Donald Bauchner and his wife never expected to own a French chateau. But they rented a vacation home in Provence three years ago and fell in love with the region. "We started looking just to see what was out there," says the New York City businessman, 59, "and we were enthralled." What the Bauchners wound up with was an 18th century stone castle and 22 acres of forest. The place was a bargain at $570,000, even though a two-year renovation more than tripled the original cost. Now the Bauchners spend most of their time in Provence entertaining, visiting the surrounding villages and beautifying their property. Says Bauchner: "It's been a really wonderful experience."
Leslie Critchlow, 34, a manager at Accenture in San Francisco, got an even better deal: an 18th century chateau in Brittany with 14 rooms and a 20-acre park for only $285,000. Along with her mother and brother, she is hoping to turn it into a bed-and-breakfast. "We saw this chateau and fell in love," says Critchlow. "We were shocked to find out we could afford it."
Bauchner and Critchlow are part of a fast growing group of Americans who are buying and renting everything from castles to cottages in France, Italy, Spain and other European countries--and often for less than the price of a cramped apartment in Manhattan. "In the past five years," says Emile Garcin, owner of a French real estate agency that caters to foreigners, "the number of Americans buying chateaus has doubled." One big reason is the strong dollar, which has gained 40% against the franc since 1995 and 20% against the euro since that currency was launched two years ago.
In France, many Americans are drawn to the sunny Provence-Cote d'Azur region, but prices are much lower in Brittany, Normandy and central France. A fixer-upper can be found for as little as $150,000, and rentals are equally attractive. A two-bedroom ski chalet in Haute-Savoie rents for $300 a month. A one-bedroom flat in central Paris goes for about $2,000 a month, as does a four-bedroom home near the beach in Nice. "Americans can find great deals on little 19th century chateaus," says Serge Henu, director of the France Chateaux agency in Brittany. "For the French, that's not considered old enough to be interesting."
Eighteenth century chateaus are particularly desirable because of their large windows and roomy interior spaces. Laure Jakobiak, who works on chateau restorations with architect Bruno Lafourcade, says, "It is essentially Americans who are interested in restoring chateaus. They are very attracted by the history."
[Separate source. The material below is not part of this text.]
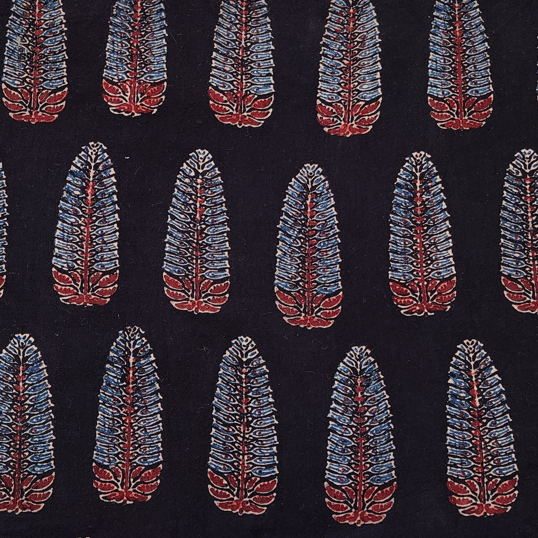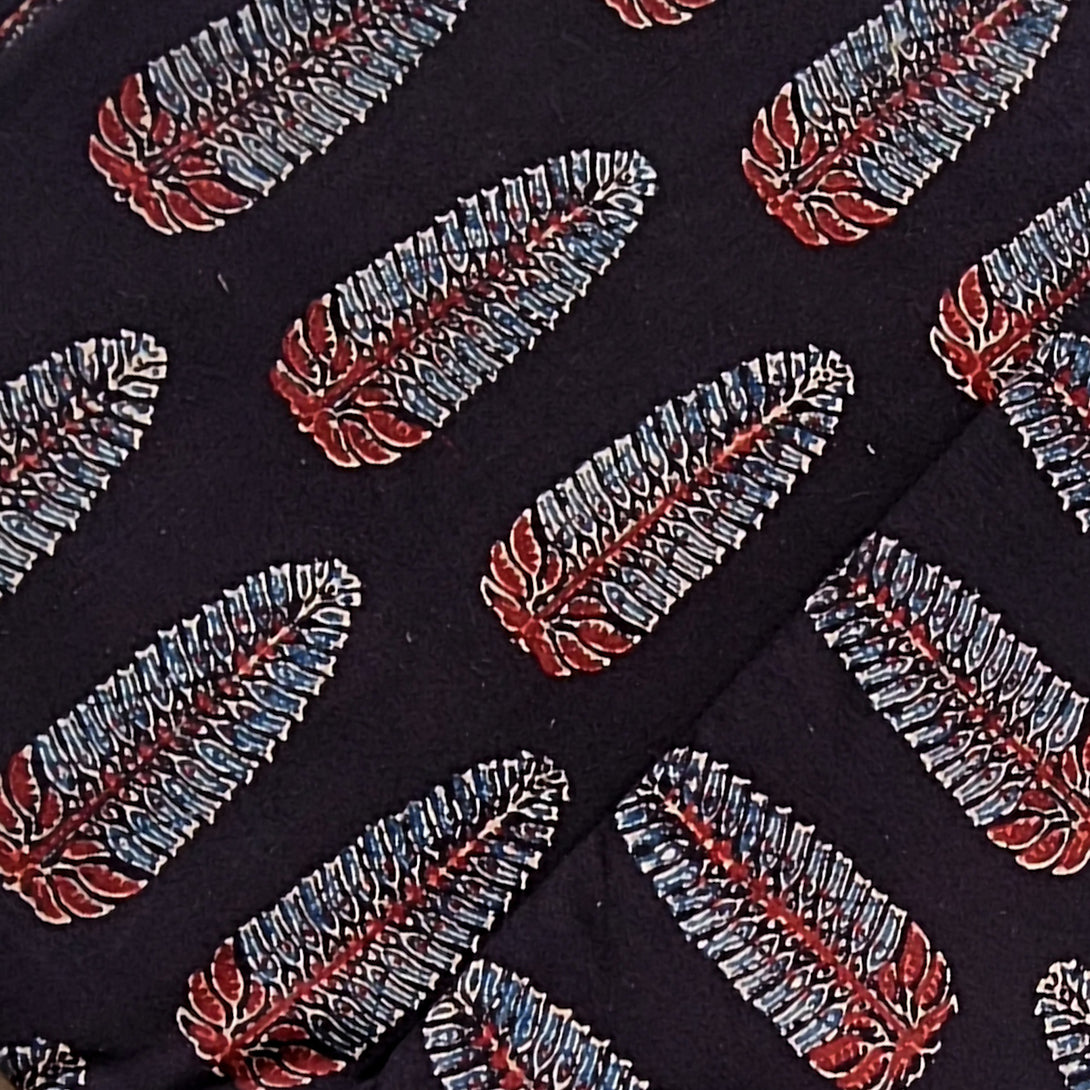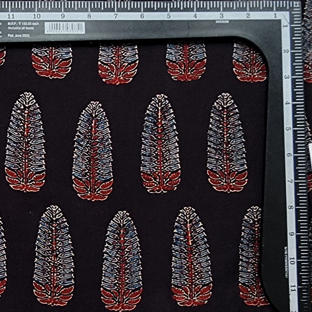 Pure Cotton Gad Ajrak Black With Blue Leaves Motif Hand Block Print Fabric

The search for a bargain chateau can begin at home, where one can scan specialized websites like vacationspot.com castles.org and athomeinfrance.com Chateau hunters should also flip through upscale French real estate reviews such as Demeures et Chateaux, Proprietes and Belles Demeures, available at international newsstands in most large U.S. cities. Prospective buyers should contact reputable agencies experienced in steering foreigners through the shoals of house hunting and real estate transactions in France. Agents like Garcin (emilegarcin.fr) and Henu (france-chateaux.fr) can arrange hotels for prospective clients, visit properties with them, help arrange financing and oversee the closing formalities.